What Happens When the Deceased Dies Abroad

Will claim Solicitors, specialist no win no fee will dispute and will contest Solicitors, consider issues which can arise when the deceased person whose estate is contested or disputed dies abroad

Issues in relation to claims under the Inheritance (Provision for Family and Dependants) Act 1975

What is a claim under the Inheritance (Provision for Family and Dependants) Act 1975 (“the Act”)

A claim under the Act can be brought by a widow, widower, child, person treated as a child and/or dependant. It is a claim for financial provision from a deceased’s estate where no or insufficient provision is made either by the deceased’s last Will or if there is no Will, by the rules of intestacy.

We considered this issue in detail in a previous blog:

Domicile in Relation to Claims Under the Inheritance Act 1975 – Will Claim Solicitors

It is a requirement of the Act that the deceased (and here we are potentially considering a person who died outside of England and Wales), is “domiciled” in England and Wales. This is very obviously becoming more and more of an issue both because immigration to the country appears to be increasing (I hope this is not contentious!) and because more and more UK citizens are opting to live abroad because of the weather and lifestyle.

Unless that person (the deceased) is domiciled in England and Wales on the point of death, a claim for financial provision which amounts to disputed Will on contentious or contested probate claim cannot be brought under the Act.

So what is domicile?

Everyone has a domicile of “origin”. Ordinarily it is where one is born. This prevails in the absence of a decision to move elsewhere on a permanent basis and is not necessarily affected by the decisions of local (tax or other) authorities; it is ultimately determined by the Court.

There is very good commentary on this in the Court of Appeal decision in Agulian and another v Cyganik [2006] EWCA Civ 129 (para 5)

Agulian & Anor v Cyganik [2006] EWCA Civ 129 (24 February 2006) (

Domicile: the legal principles and proof

“In Re Fuld [1968] P 675 Scarman J explained that the legal relationship between a person and the legal system of the territory which invokes his personal law is based on a combination of residence and intention. Everybody has a domicile of origin, which may be supplanted by a domicile of choice. He noted two particularly important features of domicile (page 682D-E) which are relevant to this case:”

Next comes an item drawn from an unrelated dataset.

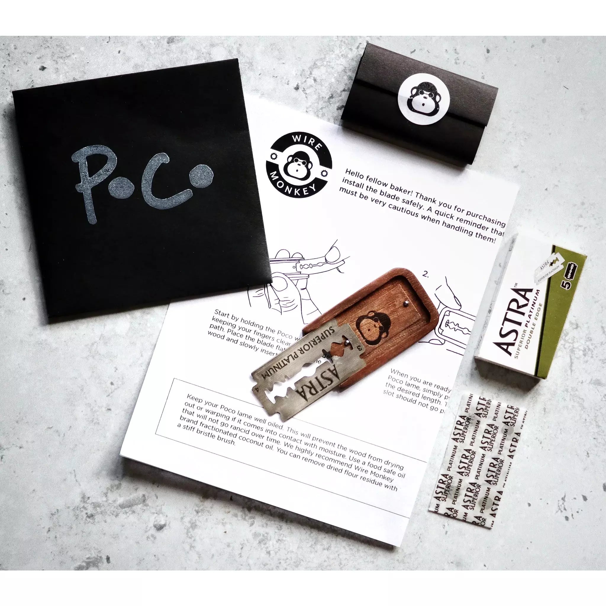Made from solid American black walnut with stainless steel hardware. The blade simply slides out and your thumb holds the blade in place while scoring. Blade tucks back inside for safe storage.

“First, that the domicile of origin prevails in the absence of a domicile of choice, i.e., if a domicile of choice has never been acquired or, if once acquired, has been abandoned. Secondly, that a domicile of choice is acquired when a man fixes voluntarily his sole or chief residence in a particular place with an intention of continuing to reside there for an unlimited time.” [As pointed out by Buckley LJ in IRC v. Bullock [1976] 1 WLR 1178 at 1184H Scarman J’s formulation “for an unlimited time” requires some further definition]

Domicile of Origin is “sticky”

In Agulian the Court of Appeal appear to confirm that domicile of origin is sticky; it cannot easily be dislodged. So in relation to Will dispute and Will contest claims one must have an eye on:

1. the domicile of origin where the deceased was born abroad;

2. the domicile of origin where the deceased was born in England and Wales but moved abroad.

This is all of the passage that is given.